- Born: May 20, 1966 (age 60)
- Education: Princeton University (AB) University of Miami (MS)
- Occupations: Sports journalist, sports commentator, radio host

= Stephania Bell =

American author and sports commentator

Stephania Bell (born May 20, 1966) is an American physical therapist who has become an author. She is a former on-air and online sports commentator at ESPN where she served as an American football injury analyst.

== Early life and education ==
Bell is from San Francisco, California, and she graduated from The Madeira School which is located in McLean, Virginia although she claims Mountain View, California as her home town. Bell earned her A.B. from Princeton University in 1987, where as a French major her senior thesis was about La Comédie humaine by Honoré de Balzac. At Princeton, she worked in the athletic training department. She also earned a Master of Science in physical therapy from the University of Miami in 1991. She held a teaching position at the University of Kansas for five years.

==Career==
Bell formerly served as an injury analyst for KFFL, RotoWire and XM Radio. Hired in 2007, she actively blogs National Football League injury analysis for ESPN where she is a regular columnist. Bell complements on-air journalists with analysis of breaking news. She serves as a co-host of Fantasy Focus on ESPN Radio and an analyst for SportsNation on ESPN.com. She co-authored The Clinical Orthopedic Assessment Guide. Bell is a board-certified orthopedic clinical specialist and a certified strength and conditioning specialist. Since September 2008, Bell has had a residence in Connecticut near the ESPN studios. Bell is a member of the American Physical Therapy Association, and her ESPN blogs are cross-posted on their website.

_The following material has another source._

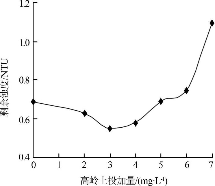 為提高FeCl3的絮凝效果,采用當(dāng)?shù)爻R姷母邘X土作為助凝劑。試驗(yàn)條件:水樣初始濁度為2.21 NTU,水溫18 ℃,pH調(diào)至8.03,F(xiàn)eCl3投加量為3.6 mg/L。改變高嶺土投加量進(jìn)行試驗(yàn),取上清液測定剩余濁度,測定結(jié)果如圖1所示。

At the suggestion of a friend she began blogging about football injuries. Her fantasy league commissioner advised her that her expertise might be marketable. Although pro teams are somewhat vague about players' injuries, Bell uses her experience to review videos of players' injuries, check their injury histories, and determine their training activities. Then in consultation with orthopedic surgeons she produces educated predictions about future player activity. In addition to commenting on NFL athletes, Bell has blogged about the injuries of star athletes in other sports such as Tiger Woods and Alex Rodriguez.

Bell was laid off from ESPN in July 2026 as part of a mass layoff.